What follows is a set of records. Copy them exactly and leave out the images.
──────────
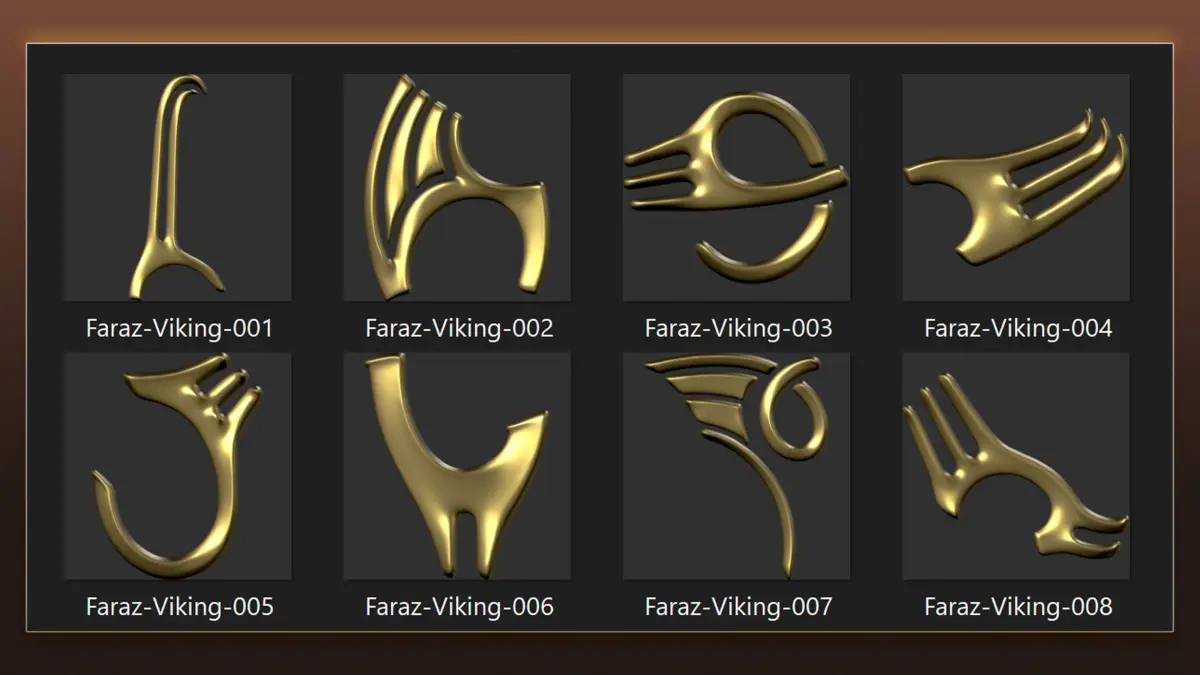 - This product includes 110 Viking element alpha, ZBrush brush,Photoshop brushes and 3D Model.
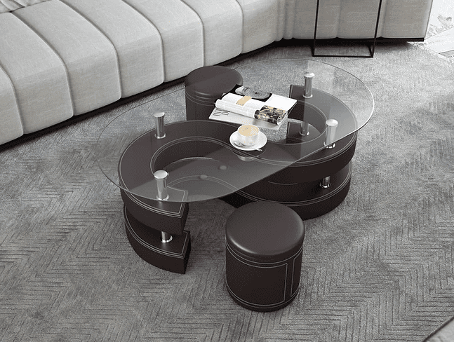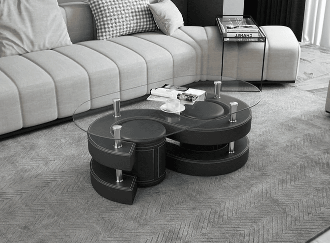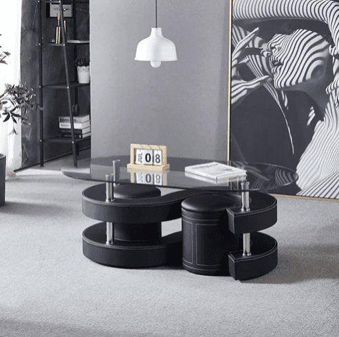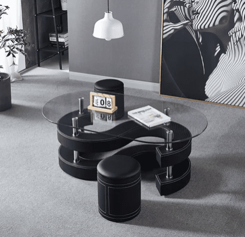 Transform your living space with this stunning set of Oval coffee tables, thoughtfully designed to combine functionality with artistic flair. The oval-shaped tables feature durable 12mm tempered glass tops, supported by a sleek combination of MDF and metal, ensuring long-lasting quality. Complemented by two stylish round stools upholstered in premium PU, this versatile set offers both comfort and sophistication. Available in a variety of colors, including black, white, brown, and red, these artisan tables seamlessly blend into any décor while adding a touch of contemporary charm.
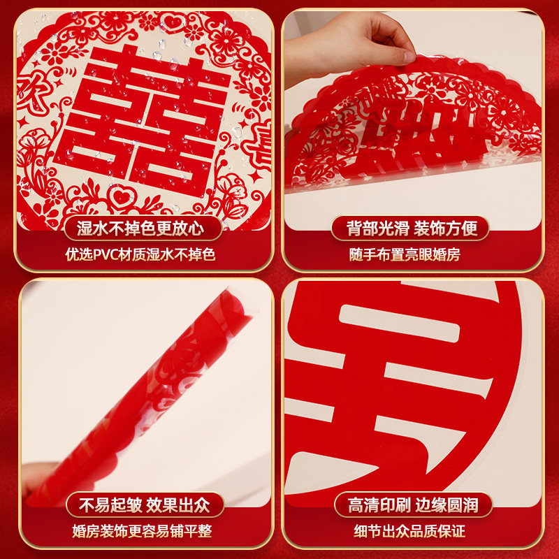 结婚专用喜字静电贴窗户玻璃囍字贴婚礼婚房布置婚车装饰窗花囍字
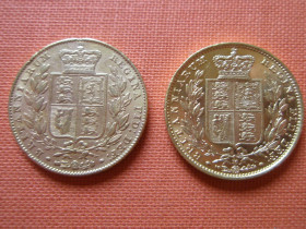 • Das erste sind zwei Sovereign von Victoria Jung mit Wappen, eine von 1846 London und die
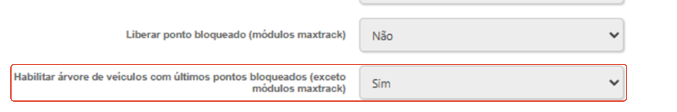 Dentro das configurações da conta selecionada, localize a opção denominada “Habilitar árvore de veículos com últimos pontos bloqueados (exceto módulos Maxtrack)”. Por padrão, essa configuração estará desativada com o valor “Não”. Altere a configuração para “Sim”.
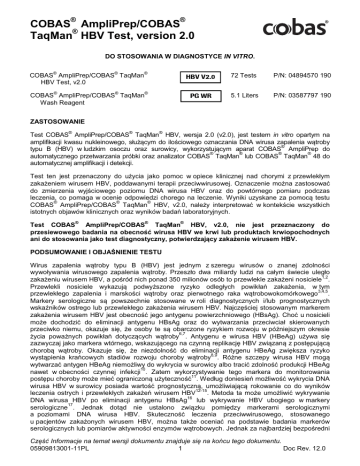 COBAS® AmpliPrep/COBAS® TaqMan® HBV Test, version 2.0 DO STOSOWANIA W DIAGNOSTYCE IN VITRO. COBAS® AmpliPrep/COBAS® TaqMan® HBV Test, v2.0 ® ® ® COBAS AmpliPrep/COBAS TaqMan Wash Reagent HBV V2.0 72 Tests P/N: 04894570 190 PG WR 5.1 Liters P/N: 03587797 190 ZASTOSOWANIE Test COBAS® AmpliPrep/COBAS® TaqMan® HBV, wersja 2.0 (v2.0), jest testem in vitro opartym na amplifikacji kwasu nukleinowego, służącym do ilościowego oznaczania DNA wirusa zapalenia wątroby ® typu B (HBV) w ludzkim osoczu oraz surowicy, wykorzystującym aparat COBAS AmpliPrep do automatycznego przetwarzania próbki oraz analizator COBAS® TaqMan® lub COBAS® TaqMan® 48 do automatycznej amplifikacji i detekcji. Test ten jest przenaczony do użycia jako pomoc w opiece klinicznej nad chorymi z przewlekłym zakażeniem wirusem HBV, poddawanymi terapii przeciwwirusowej. Oznaczenie można zastosować do zmierzenia wyjściowego poziomu DNA wirusa HBV oraz do powtórnego pomiaru podczas leczenia, co pomaga w ocenie odpowiedzi chorego na leczenie. Wyniki uzyskane za pomocą testu COBAS® AmpliPrep/COBAS® TaqMan® HBV, v2.0, należy interpretować w kontekście wszystkich istotnych objawów klinicznych oraz wyników badań laboratoryjnych. Test COBAS® AmpliPrep/COBAS® TaqMan® HBV, v2.0, nie jest przeznaczony do przesiewowego badania na obecność wirusa HBV we krwi lub produktach krwiopochodnych ani do stosowania jako test diagnostyczny, potwierdzający zakażenie wirusem HBV. PODSUMOWANIE I OBJAŚNIENIE TESTU Wirus zapalenia wątroby typu B (HBV) jest jednym z szeregu wirusów o znanej zdolności wywoływania wirusowego zapalenia wątroby. Przeszło dwa miliardy ludzi na całym świecie uległo zakażeniu wirusem HBV, a pośród nich ponad 350 milionów osób to przewlekle zakażeni nosiciele1,2. Przewlekli nosiciele wykazują podwyższone ryzyko odległych powikłań zakażenia, w tym przewlekłego zapalenia i marskości wątroby oraz pierwotnego raka wątrobowokomórkowego3,4,5. Markery serologiczne są powszechnie stosowane w roli diagnostycznych i/lub prognostycznych wskaźników ostrego lub przewlekłego zakażenia wirusem HBV. Najczęściej stosowanym markerem zakażenia wirusem HBV jest obecność jego antygenu powierzchniowego (HBsAg). Choć u nosicieli może dochodzić do eliminacji antygenu HBsAg oraz do wytwarzania przeciwciał skierowanych przeciwko niemu, okazuje się, że osoby te są obarczone ryzykiem rozwoju w późniejszym okresie życia poważnych powikłań dotyczących wątroby6,7. Antygenu e wirusa HBV (HBeAg) używa się zazwyczaj jako markera wtórnego, wskazującego na czynną replikację HBV związaną z postępującą chorobą wątroby. Okazuje się, że niezdolność do eliminacji antygenu HBeAg zwiększa ryzyko wystąpienia krańcowych stadiów rozwoju choroby wątroby8,9. Różne szczepy wirusa HBV mogą wytwarzać antygen HBeAg niemożliwy do wykrycia w surowicy albo tracić zdolność produkcji HBeAg nawet w obecności czynnej infekcji10. Zatem wykorzystywanie tego markera do monitorowania postępu choroby może mieć ograniczoną użyteczność11. Według doniesień możliwość wykrycia DNA wirusa HBV w surowicy posiada wartość prognostyczną, umożliwiającą rokowanie co do wyników leczenia ostrych i przewlekłych zakażeń wirusem HBV12-15. Metoda ta może umożliwić wykrywanie DNA wirusa HBV po eliminacji antygenu HBsAg16 lub wykrywanie HBV ubogiego w markery serologiczne17. Jednak dotąd nie ustalono związku pomiędzy markerami serologicznymi a poziomami DNA wirusa HBV. Skuteczność leczenia przeciwwirusowego, stosowanego u pacjentów zakażonych wirusem HBV, można także oceniać na podstawie badania markerów serologicznych lub pomiarów aktywności enzymów wątrobowych. Jednak za najbardziej bezpośredni Część Informacje na temat wersji dokumentu znajduje się na końcu tego dokumentu. 05909813001-11PL 1 Doc Rev. 12.0 i rzetelny sposób pomiaru replikacji wirusa uważa się ilościową ocenę stężenia DNA HBV w surowicy 14,18-20 . Wykazano, że szybki i trwały spadek poziomów DNA wirusa HBV u pacjentów lub osoczu otrzymujących alfa-interferon, lamiwudynę, gancyklowir lub dipiwoksyl adefowiru jest czynnikiem 11,21-25 . Monitorowanie poziomów DNA wirusa HBV predykcyjnym pomyślnego wyniku leczenia pozwala przewidzieć rozwój jego oporności na lamiwudynę26. Zatem ilościowy test służący do pomiaru stężenia DNA wirusa HBV jest cennym narzędziem, które można wykorzystywać w połączeniu z badaniami innych markerów serologicznych podczas leczenia zakażenia HBV. Ilościowe oznaczenie DNA wirusa HBV w osoczu i surowicy można przeprowadzić przy użyciu technik amplifikacji kwasów nukleinowych, takich jak reakcja łańcuchowej polimerazy 27-29 . w teście COBAS® AmpliPrep/COBAS® TaqMan® HBV, (ang. Polymerase Chain Reaction, PCR) v2.0, wykorzystano technologię PCR do osiągnięcia maksymalnej czułości i dynamicznego zakresu ilościowych oznaczeń DNA wirusa HBV w osoczu z dodatkiem EDTA jako antykoagulanta i w surowicy. ZASADY PROCEDURY Test COBAS® AmpliPrep/COBAS® TaqMan® HBV, v2.0, jest testem opartym na amplifikacji kwasu nukleinowego, służącym do ilościowego oznaczania DNA wirusa zapalenia wątroby typu B (HBV) w ludzkim osoczu i surowicy. Test COBAS® AmpliPrep/COBAS® TaqMan® HBV, v2.0, jest oparty na dwóch głównych procesach: (1) przygotowaniu próbki w celu wyizolowania DNA wirusa HBV oraz 27 docelowego DNA i detekcji rozszczepionej, podwójnie (2) jednoczesnej amplifikacji PCR znakowanej sondy oligonukleotydowej, swoistej dla łańcucha docelowego. Test COBAS® AmpliPrep/COBAS® TaqMan® HBV, v2.0, umożliwia automatyczne przygotowanie próbki, a następnie automatyczną amplifikację PCR oraz detekcję docelowego DNA wirusa HBV i DNA standardu ilościowego HBV (ang. Quantitation Standard, QS). Odczynnik Master Mix zawiera pary primerów i sondy swoiste zarówno dla DNA wirusa HBV, jak i DNA standardu HBV QS. Odczyn
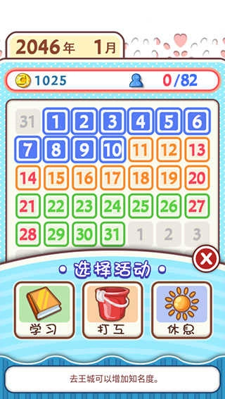 12、在“日程安排”板块,点击日期后,可选择希望她开展的活动,无论是学习、打工还是休息皆可。需留意合理安排,做到劳逸结合,否则疲劳值会上升,进而可能引发身体不适。
──────────
### Result
 - This product includes 110 Viking element alpha, ZBrush brush,Photoshop brushes and 3D Model.
 Transform your living space with this stunning set of Oval coffee tables, thoughtfully designed to combine functionality with artistic flair. The oval-shaped tables feature durable 12mm tempered glass tops, supported by a sleek combination of MDF and metal, ensuring long-lasting quality. Complemented by two stylish round stools upholstered in premium PU, this versatile set offers both comfort and sophistication. Available in a variety of colors, including black, white, brown, and red, these artisan tables seamlessly blend into any décor while adding a touch of contemporary charm.
 结婚专用喜字静电贴窗户玻璃囍字贴婚礼婚房布置婚车装饰窗花囍字
 • Das erste sind zwei Sovereign von Victoria Jung mit Wappen, eine von 1846 London und die
 Dentro das configurações da conta selecionada, localize a opção denominada “Habilitar árvore de veículos com últimos pontos bloqueados (exceto módulos Maxtrack)”. Por padrão, essa configuração estará desativada com o valor “Não”. Altere a configuração para “Sim”.
 COBAS® AmpliPrep/COBAS® TaqMan® HBV Test, version 2.0 DO STOSOWANIA W DIAGNOSTYCE IN VITRO. COBAS® AmpliPrep/COBAS® TaqMan® HBV Test, v2.0 ® ® ® COBAS AmpliPrep/COBAS TaqMan Wash Reagent HBV V2.0 72 Tests P/N: 04894570 190 PG WR 5.1 Liters P/N: 03587797 190 ZASTOSOWANIE Test COBAS® AmpliPrep/COBAS® TaqMan® HBV, wersja 2.0 (v2.0), jest testem in vitro opartym na amplifikacji kwasu nukleinowego, służącym do ilościowego oznaczania DNA wirusa zapalenia wątroby ® typu B (HBV) w ludzkim osoczu oraz surowicy, wykorzystującym aparat COBAS AmpliPrep do automatycznego przetwarzania próbki oraz analizator COBAS® TaqMan® lub COBAS® TaqMan® 48 do automatycznej amplifikacji i detekcji. Test ten jest przenaczony do użycia jako pomoc w opiece klinicznej nad chorymi z przewlekłym zakażeniem wirusem HBV, poddawanymi terapii przeciwwirusowej. Oznaczenie można zastosować do zmierzenia wyjściowego poziomu DNA wirusa HBV oraz do powtórnego pomiaru podczas leczenia, co pomaga w ocenie odpowiedzi chorego na leczenie. Wyniki uzyskane za pomocą testu COBAS® AmpliPrep/COBAS® TaqMan® HBV, v2.0, należy interpretować w kontekście wszystkich istotnych objawów klinicznych oraz wyników badań laboratoryjnych. Test COBAS® AmpliPrep/COBAS® TaqMan® HBV, v2.0, nie jest przeznaczony do przesiewowego badania na obecność wirusa HBV we krwi lub produktach krwiopochodnych ani do stosowania jako test diagnostyczny, potwierdzający zakażenie wirusem HBV. PODSUMOWANIE I OBJAŚNIENIE TESTU Wirus zapalenia wątroby typu B (HBV) jest jednym z szeregu wirusów o znanej zdolności wywoływania wirusowego zapalenia wątroby. Przeszło dwa miliardy ludzi na całym świecie uległo zakażeniu wirusem HBV, a pośród nich ponad 350 milionów osób to przewlekle zakażeni nosiciele1,2. Przewlekli nosiciele wykazują podwyższone ryzyko odległych powikłań zakażenia, w tym przewlekłego zapalenia i marskości wątroby oraz pierwotnego raka wątrobowokomórkowego3,4,5. Markery serologiczne są powszechnie stosowane w roli diagnostycznych i/lub prognostycznych wskaźników ostrego lub przewlekłego zakażenia wirusem HBV. Najczęściej stosowanym markerem zakażenia wirusem HBV jest obecność jego antygenu powierzchniowego (HBsAg). Choć u nosicieli może dochodzić do eliminacji antygenu HBsAg oraz do wytwarzania przeciwciał skierowanych przeciwko niemu, okazuje się, że osoby te są obarczone ryzykiem rozwoju w późniejszym okresie życia poważnych powikłań dotyczących wątroby6,7. Antygenu e wirusa HBV (HBeAg) używa się zazwyczaj jako markera wtórnego, wskazującego na czynną replikację HBV związaną z postępującą chorobą wątroby. Okazuje się, że niezdolność do eliminacji antygenu HBeAg zwiększa ryzyko wystąpienia krańcowych stadiów rozwoju choroby wątroby8,9. Różne szczepy wirusa HBV mogą wytwarzać antygen HBeAg niemożliwy do wykrycia w surowicy albo tracić zdolność produkcji HBeAg nawet w obecności czynnej infekcji10. Zatem wykorzystywanie tego markera do monitorowania postępu choroby może mieć ograniczoną użyteczność11. Według doniesień możliwość wykrycia DNA wirusa HBV w surowicy posiada wartość prognostyczną, umożliwiającą rokowanie co do wyników leczenia ostrych i przewlekłych zakażeń wirusem HBV12-15. Metoda ta może umożliwić wykrywanie DNA wirusa HBV po eliminacji antygenu HBsAg16 lub wykrywanie HBV ubogiego w markery serologiczne17. Jednak dotąd nie ustalono związku pomiędzy markerami serologicznymi a poziomami DNA wirusa HBV. Skuteczność leczenia przeciwwirusowego, stosowanego u pacjentów zakażonych wirusem HBV, można także oceniać na podstawie badania markerów serologicznych lub pomiarów aktywności enzymów wątrobowych. Jednak za najbardziej bezpośredni Część Informacje na temat wersji dokumentu znajduje się na końcu tego dokumentu. 05909813001-11PL 1 Doc Rev. 12.0 i rzetelny sposób pomiaru replikacji wirusa uważa się ilościową ocenę stężenia DNA HBV w surowicy 14,18-20 . Wykazano, że szybki i trwały spadek poziomów DNA wirusa HBV u pacjentów lub osoczu otrzymujących alfa-interferon, lamiwudynę, gancyklowir lub dipiwoksyl adefowiru jest czynnikiem 11,21-25 . Monitorowanie poziomów DNA wirusa HBV predykcyjnym pomyślnego wyniku leczenia pozwala przewidzieć rozwój jego oporności na lamiwudynę26. Zatem ilościowy test służący do pomiaru stężenia DNA wirusa HBV jest cennym narzędziem, które można wykorzystywać w połączeniu z badaniami innych markerów serologicznych podczas leczenia zakażenia HBV. Ilościowe oznaczenie DNA wirusa HBV w osoczu i surowicy można przeprowadzić przy użyciu technik amplifikacji kwasów nukleinowych, takich jak reakcja łańcuchowej polimerazy 27-29 . w teście COBAS® AmpliPrep/COBAS® TaqMan® HBV, (ang. Polymerase Chain Reaction, PCR) v2.0, wykorzystano technologię PCR do osiągnięcia maksymalnej czułości i dynamicznego zakresu ilościowych oznaczeń DNA wirusa HBV w osoczu z dodatkiem EDTA jako antykoagulanta i w surowicy. ZASADY PROCEDURY Test COBAS® AmpliPrep/COBAS® TaqMan® HBV, v2.0, jest testem opartym na amplifikacji kwasu nukleinowego, służącym do ilościowego oznaczania DNA wirusa zapalenia wątroby typu B (HBV) w ludzkim osoczu i surowicy. Test COBAS® AmpliPrep/COBAS® TaqMan® HBV, v2.0, jest oparty na dwóch głównych procesach: (1) przygotowaniu próbki w celu wyizolowania DNA wirusa HBV oraz 27 docelowego DNA i detekcji rozszczepionej, podwójnie (2) jednoczesnej amplifikacji PCR znakowanej sondy oligonukleotydowej, swoistej dla łańcucha docelowego. Test COBAS® AmpliPrep/COBAS® TaqMan® HBV, v2.0, umożliwia automatyczne przygotowanie próbki, a następnie automatyczną amplifikację PCR oraz detekcję docelowego DNA wirusa HBV i DNA standardu ilościowego HBV (ang. Quantitation Standard, QS). Odczynnik Master Mix zawiera pary primerów i sondy swoiste zarówno dla DNA wirusa HBV, jak i DNA standardu HBV QS. Odczyn
 12、在“日程安排”板块,点击日期后,可选择希望她开展的活动,无论是学习、打工还是休息皆可。需留意合理安排,做到劳逸结合,否则疲劳值会上升,进而可能引发身体不适。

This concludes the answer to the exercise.